He’s off to the library, Emily thought, and perhaps he wishes to be alone.
She thought for a moment of how to return to the ball without him knowing she was out in the hallway, watching him, but something about the look on his face when he took a seat and fell back against the chair in a weary slump made her stop.
“Is everything all right?” Emily finally asked from the doorway. Richard looked up in surprise and immediately jumped to his feet in greeting. She shook her head, “None of that, please. Sit down.”
“I cannot rise to greet a lady, but you cannot call me Richard? Is that how it’s to be then?” he teased, though he sat back down. He gestured to an empty chair, so Emily came in and sat across from him.
“I’m not a lady,” she reminded him, looking somewhat embarrassed. “I’m only the daughter of a baronet, one with five sons at that. It’s not fitting for me to address you so informally.”
“Miss Pennington, I beg you.” Richard looked at her imploringly, and she finally acquiesced at the unreadable look she saw there.
“All right then. Richard,” she said, looking away.
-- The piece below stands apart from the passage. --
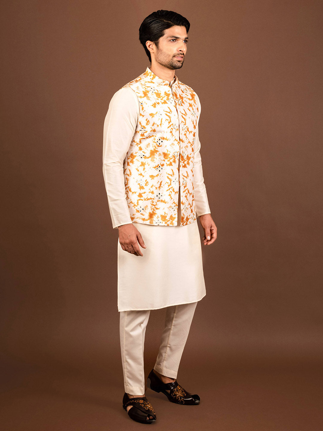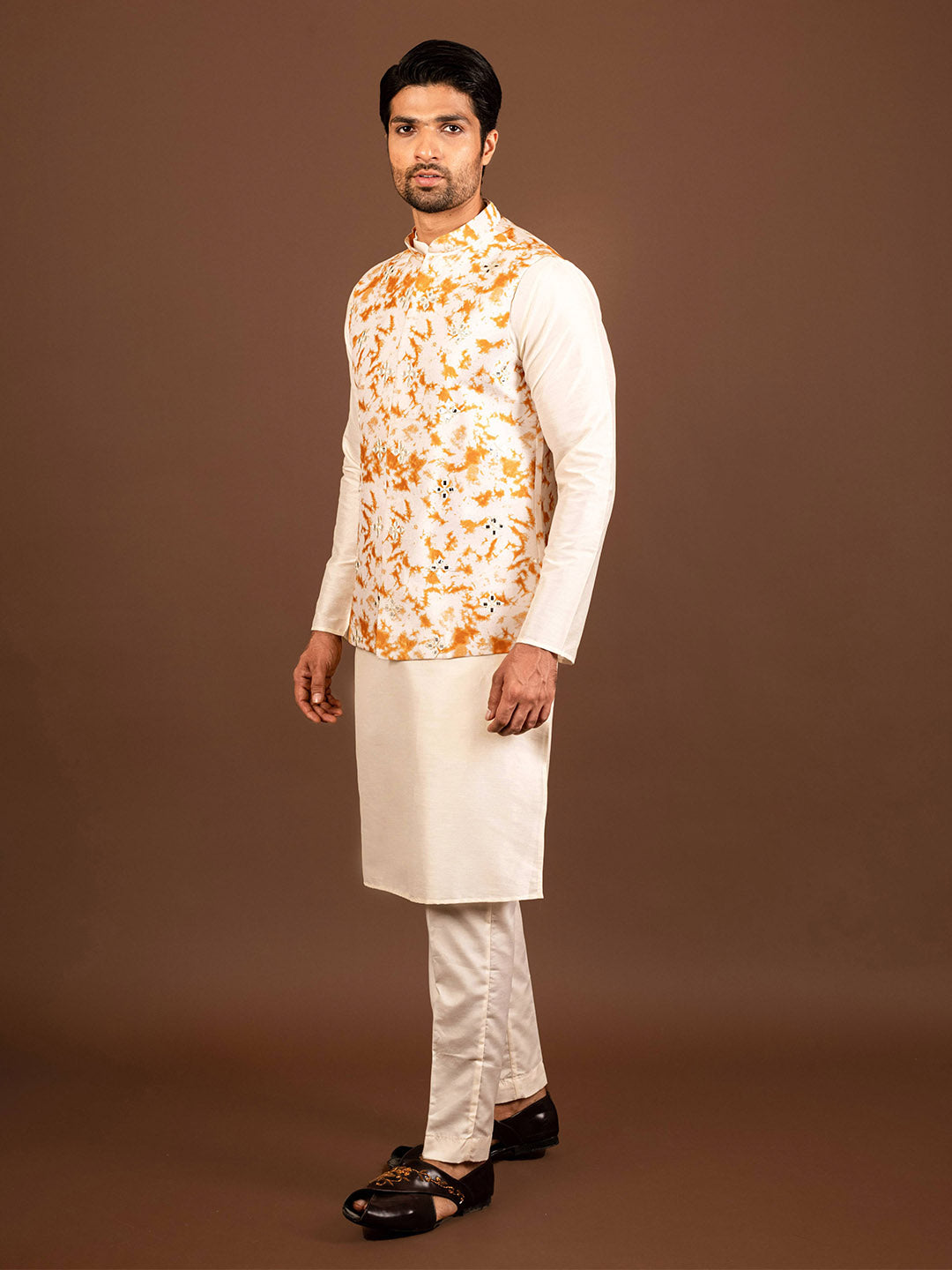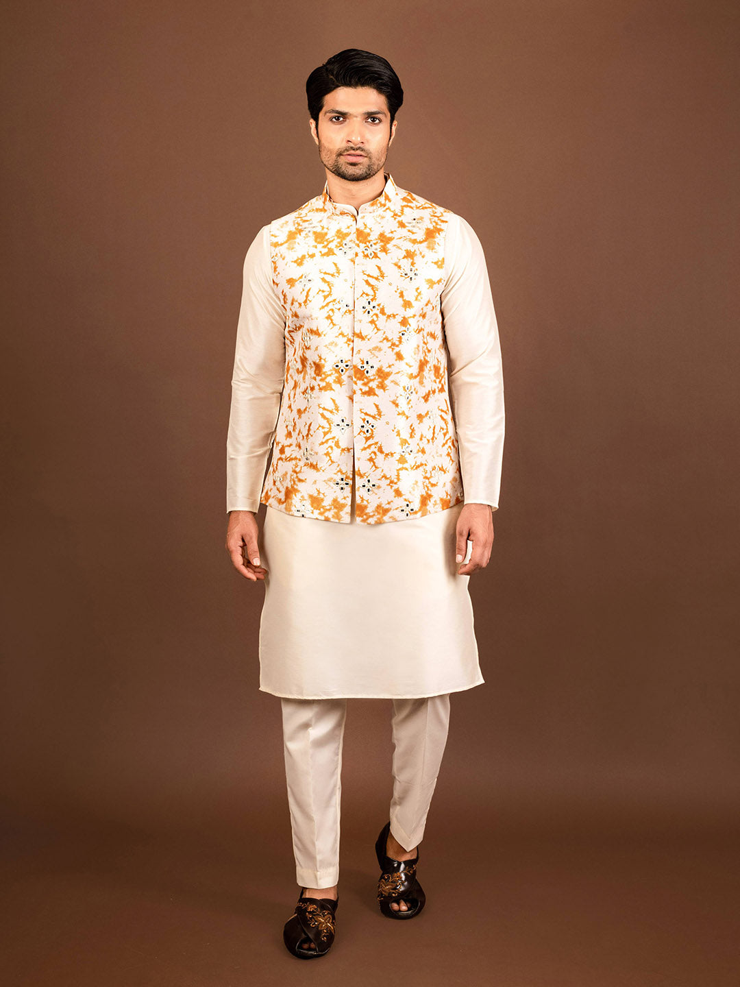 The Kisah Kurta Jacket Trouser Set is ideal for men looking for stylish yet comfortable attire. Crafted from Raw Silk fabric, Mustard color, stylish Embroidered pattern, and comfortable fit make it perfect for festive wear.

“Thank you… Emily. I’ve always thought of you as Emily,” Richard said, but he corrected himself at once. “No, not that you are not deserving of far more respect, of course not that. Only that Lucinda talks about you so much that in my mind, when I envision your smiling face, that’s the name that fills my thoughts.”
“You should find more entertaining diversions if you find yourself plagued by thoughts of my face,” Emily said, trying to laugh. Richard shook his head.
“There were times, though you know it not, that seeing the faces of my family back at Eldbrick—including you, now that you have been a part of our household for such a time—was the only thing that kept me in my right mind,” Richard confessed.
“Was it truly so awful as that?” Emily whispered. “I mean to say, I know that you were injured so there must have been fighting of some sort.”
“It was,” he answered, looking down. “I’ve never witnessed such horrors in my life, and I pray that God kill me to prevent that I ever witness such things again.”
Emily was silent, rendered speechless by his honest admission. “But why would you go then?” she finally asked.
“Do you truly not know?” Richard asked, turning to look at her and staring into her eyes. “I would have thought the gossip might reach you once I’d gone. Perhaps some secrets are better kept than others.”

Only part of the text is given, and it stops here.